A Caitlin le parece especialmente atrayente la teoría de Liadan sobre la capacidad de entrar en contacto con el mundo vivo de las infestaciones, o sea, nosotros, para mi amargura, según la cual está directamente relacionada con la conciencia sobre el cuerpo que no tenemos, pero que sentimos igualmente. «Como los soldados a los que les han amputado la mano y siguen sintiéndola aunque ya no la tenga, porque sienten un deseo increíblemente intenso de seguir utilizándola», me había dicho Liadan. Y desde que se lo comenté, Caitlin no deja de ejercitar con los dedos entre la hierba cuando cree que no la veo. La comprendo, pues ella es incapaz de tocar objetos sólidos, excepto la vez que consiguió agarrar el tobillo del joven al que quiso ahogar.
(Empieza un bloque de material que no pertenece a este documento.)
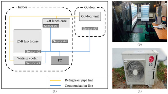 Commercial refrigeration system experimental test-bed structure. (a) Schematic diagram of the entire commercial refrigeration system. (b) Experimental environment for indoor unit (3 ft lunch case, 12 ft lunch case, walk-in cooler). (c) Experimental environment for outdoor unit (5 HP LSC-V0990A9).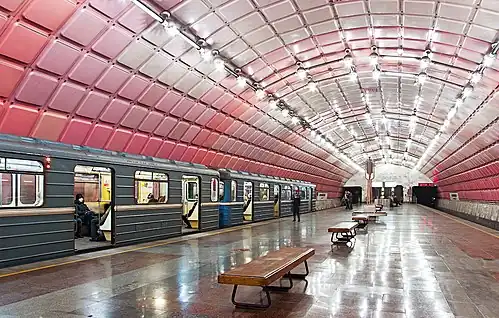 Metrobudivnykiv (Ukrainian: Метробудівників) is a station on Dnipro Metro's Tsentralno–Zavodska Line. It is a single-vault deep subway station, accessible by escalator and was opened on 29 December 1995. The station has a total of 3 exits, each of which leads to the corner of Serhiy Nigoyan Avenue and Ivan Mazepa Avenue. The station is named Metrobudivnykiv for the subway builders of the city.

Espero que no esté pensando en eso cuando trata de evolucionar, pero no le digo nada porque tengo fe en ella.
Yo a cambio le explico cosas que Liadan quiere saber, como si nos damos cuenta de que pasa el tiempo. Sin duda está pensando en Bobby, que se pasa los días frente al restaurante. Y es que para nosotros el tiempo es algo superfluo, si no nos atamos al mundo.
Cuando llega al viernes, mi alegría se evapora, dejándome con una honda sensación de soledad, casi desesperada que hacía siglos que había olvidado. Liadan no volverá hasta el lunes, y yo no puedo acompañarla allí donde ella va. Y eso me duele.
—¿Qué vas a hacer este fin de semana? —le pregunto.
Liadan hace un mohín.
—Aithne y yo tenemos que pensar seriamente en el tema de nuestro trabajo de historia. Ojalá pudieras conocer a Aithne. Le he hablado mucho de ti. No te preocupes —me dice cuando las luces titilan—. Nunca vendrá para tratar de conocerte. A la misma hora en que tú y yo hablamos aquí, ella está hablando por teléfono con su novio, Brian. Créeme, no cambiaría su llamada diaria por conocer a un universitario adicto a las bibliotecas.
De pronto Liadan se calla y se me queda mirando fijamente, con una expresión indescifrable. Lo que pasa por su mente siempre es un misterio, pero lo que pueda haber razonado ahora me aterra. Quizás el hecho de que nunca pueda llegar a conocer a su amiga le ha hecho darse cuenta de la situación en la que está, o quizás ya se ha percatado de que pronto, con el fin de curso, nos separaremos para siempre. El embrujo tenía que romperse tarde o temprano, aunque esperaba que fuera algo más tarde y disfrutar de ella un poco más.
—¿Qué pasa? —le pregunto con suavidad.
—¡Tú podrías ayudarnos con el trabajo de historia! —dice, y su rostro se ilumina—. Bueno, tú has vivido la Historia, ¿no? Podrías darnos alguna pista.
Eso sí que no me lo esperaba, y siento una oleada cálida de ternura hacia ella.
—Claro —le digo—. Tú sólo pregunta.
Me sonríe, y me siento feliz de nuevo sabiendo que el embrujo durará todavía un poquito más. Ojalá fuera para siempre, para toda la eternidad.